## Exercise aim
Where the records below show a line containing "Manage file versions, and", start copying; end with the line containing "日本国内のライフサイエンス分", and copy it too.

## Records provided
──────────────────────────────

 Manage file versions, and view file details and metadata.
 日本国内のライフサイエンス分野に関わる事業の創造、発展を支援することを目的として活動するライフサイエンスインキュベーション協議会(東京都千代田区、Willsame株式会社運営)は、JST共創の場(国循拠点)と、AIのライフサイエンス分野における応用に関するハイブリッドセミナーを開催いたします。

──────────────────────────────

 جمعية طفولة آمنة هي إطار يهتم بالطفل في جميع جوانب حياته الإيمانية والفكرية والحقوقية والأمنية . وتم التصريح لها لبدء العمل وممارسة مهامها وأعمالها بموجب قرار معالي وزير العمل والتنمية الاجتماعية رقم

──────────────────────────────

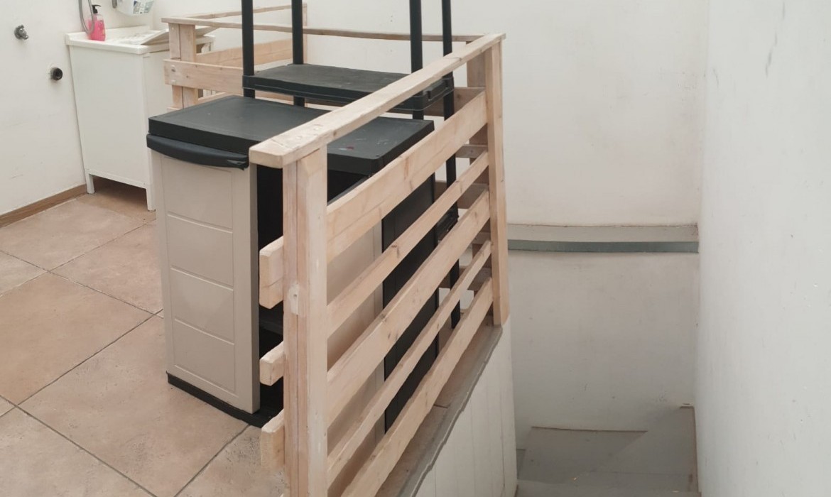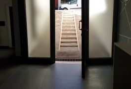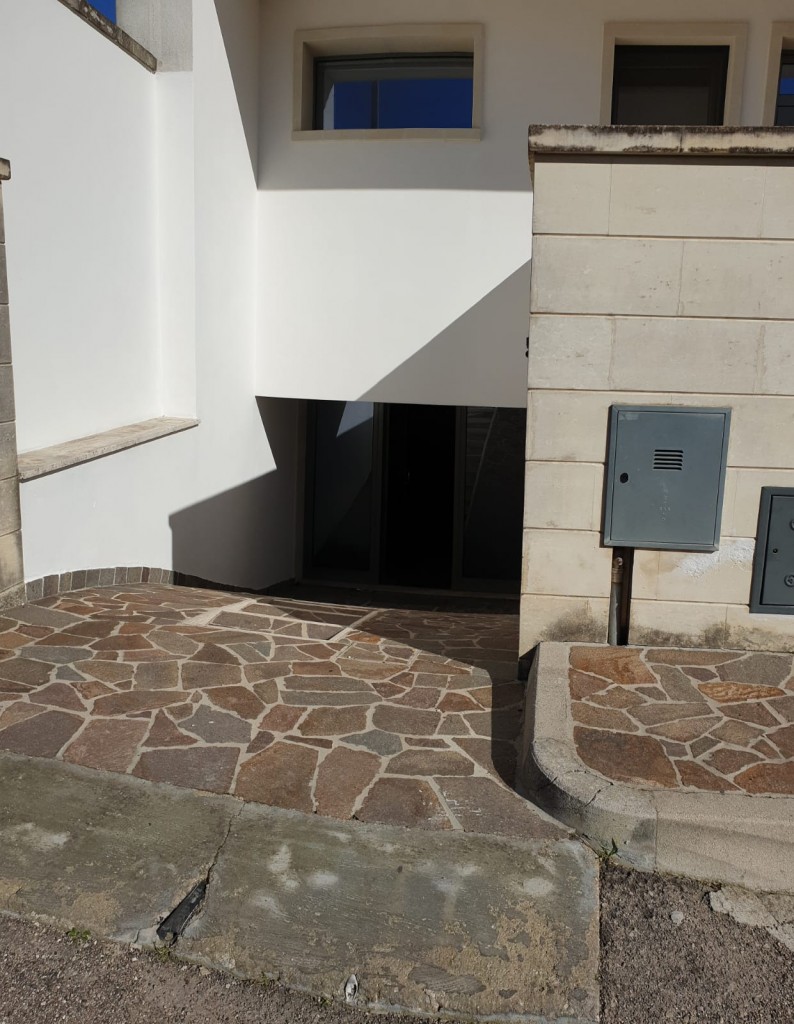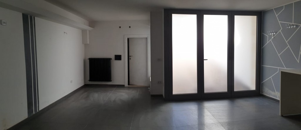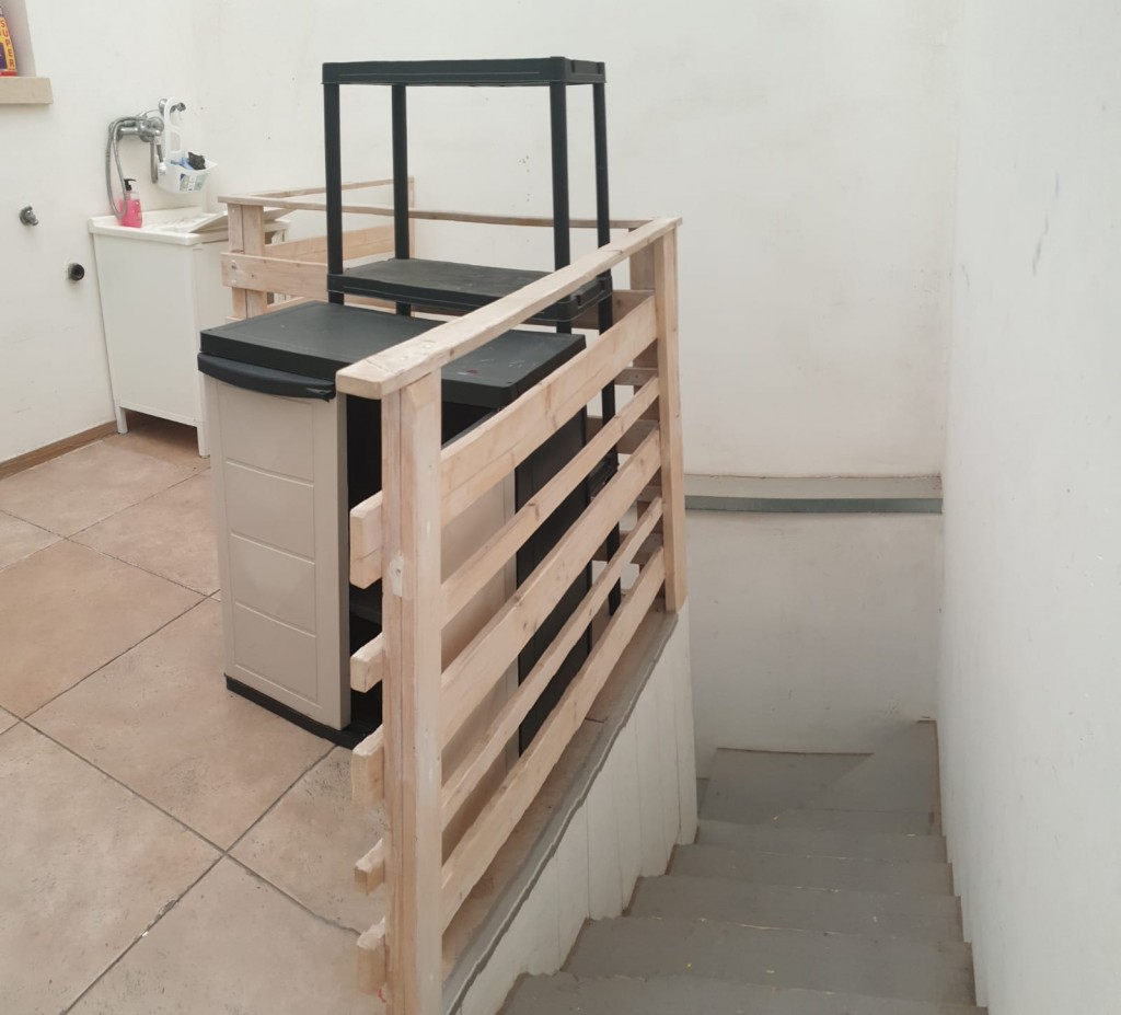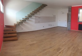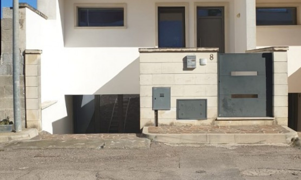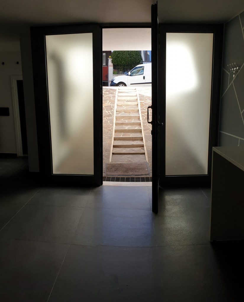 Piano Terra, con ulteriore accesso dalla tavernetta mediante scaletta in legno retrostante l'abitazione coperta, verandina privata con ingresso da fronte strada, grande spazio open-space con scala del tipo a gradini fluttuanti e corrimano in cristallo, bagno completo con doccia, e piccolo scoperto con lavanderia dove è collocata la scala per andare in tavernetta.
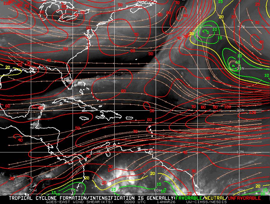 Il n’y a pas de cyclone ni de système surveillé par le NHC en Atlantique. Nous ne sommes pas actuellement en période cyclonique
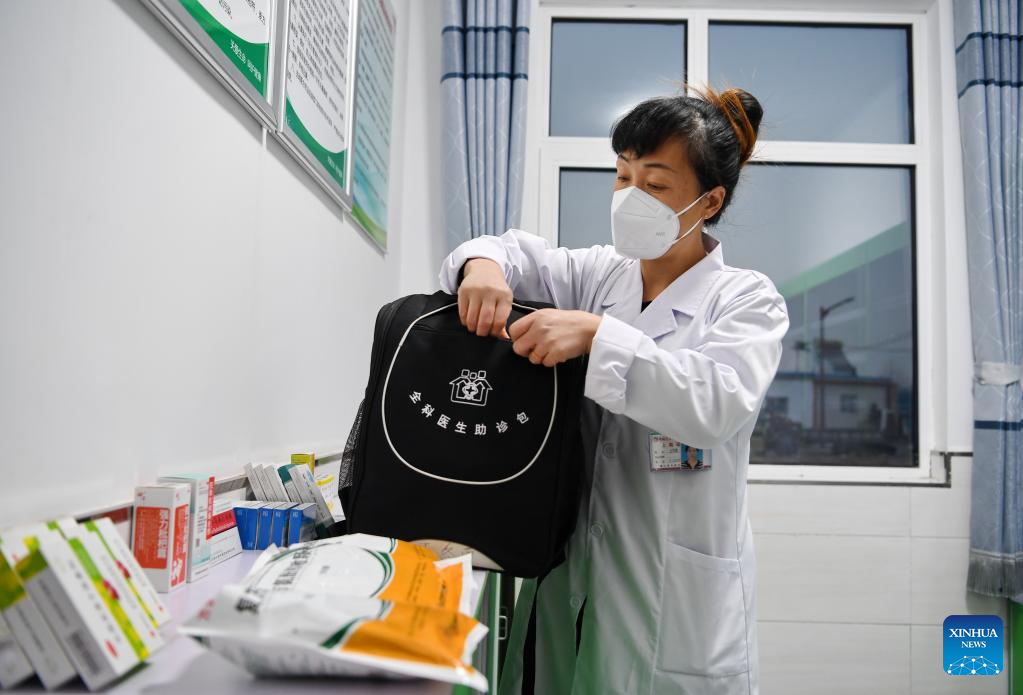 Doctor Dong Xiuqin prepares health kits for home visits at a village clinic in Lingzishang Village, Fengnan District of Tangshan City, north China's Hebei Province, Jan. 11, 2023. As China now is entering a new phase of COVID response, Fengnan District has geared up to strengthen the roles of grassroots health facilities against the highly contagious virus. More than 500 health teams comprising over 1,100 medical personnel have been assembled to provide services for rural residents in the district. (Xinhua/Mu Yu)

──────────────────────────────

## Task response
 Manage file versions, and view file details and metadata.
 日本国内のライフサイエンス分野に関わる事業の創造、発展を支援することを目的として活動するライフサイエンスインキュベーション協議会(東京都千代田区、Willsame株式会社運営)は、JST共創の場(国循拠点)と、AIのライフサイエンス分野における応用に関するハイブリッドセミナーを開催いたします。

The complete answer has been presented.